Just Bad Writing by Emma Cameron

boys reading
Children's Author | Learning to write

What constitutes good or bad writing is subjective because, from a reader’s viewpoint, what we like and dislike varies greatly. Despite this, there are ways of writing that will usually be considered poor. To demonstrate this, I’m delighted to share the words of my grandson, aged five, when forced to endure ‘take home readers’.

Though not particularly fast in learning to read, Master Five valued story and longed to be able to read things himself. Despite this longing, the pleasure of deciphering a narrative was eroded away as he came to uncover lots of repetition. He found early readers so boring he resented having to slog through them.

One particular day, reading to Pa, he stopped part way through a text to declare, ‘The person who wrote this has made lots of mistakes.’
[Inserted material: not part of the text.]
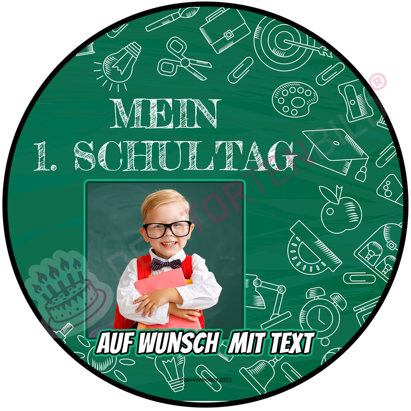 Tortenaufleger Tortenbild Motiv: Zum Schulanfang mit Wunschfoto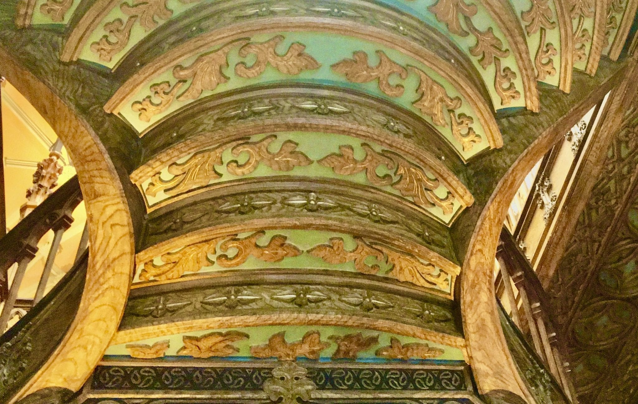 Looking upwards, the ceiling appears to be made of carved wood appliquéd onto the ceiling — whereas in reality, it is plasterwork, resembling carved wood. This is an incredibly difficult process and required the finest artisans to execute.

‘No they haven’t,’ said Pa. ‘Keep reading.’

‘But it’s wrong,’ came the answer.

The story was about an old man who gained social interaction by spending time near his front gate. Each time a different person passed by, they greeted him.
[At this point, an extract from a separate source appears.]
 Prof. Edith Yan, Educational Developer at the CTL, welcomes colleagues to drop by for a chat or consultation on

‘Tell Pa what exactly is wrong,’ I said. I wasn’t sure what was coming.

‘Okay, listen.’ Master Five began reading. ‘The post man arrived. Good morning, Mr Jones, said the post man.’

‘That’s right,’ said Pa.

‘No, it’s not,’ came the reply. ‘It says the post man arrived, so when he says, Good morning, Mr Jones, it shouldn’t say said the post man. Of course it was the post man who said it. That’s who just arrived.’

‘Well, that’s not exactly wrong,’ said Pa.
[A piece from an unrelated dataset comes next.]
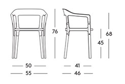 Anche i materiali sono selezionati con cura: faggio per il sedile e le gambe, acciaio verniciato in poliestere per lo schienale.

‘Fine,’ said Master Five. ‘Technically it’s not wrong.’ (Yes, kids of five use this wording.) ‘But if you want to say that someone said it, you don’t need to say said the post man. You just say, he said.’

Noticing Master Five gritting his teeth as he conceded this, I said, ‘You are right. I guess what we need to remember is that because this sort of story is written to help us learn to read, it repeats some words so that we become familiar with them.’

‘Well, that means it’s worse than boring,’ came the answer. ‘It’s just bad writing.’

On the inside, I was cheering. See, while this is the kind of example I’d use to demonstrate poor writing, he doesn’t hear me talking about this. He’s concluded this by himself because he’s been exposed to good writing ever since he was read to.

So, if you write for kids, never resort to writing poorly. Get rid of unnecessary words and only use that repetitive style for when publishers ask you to write specifically for the ‘take home reader’ market.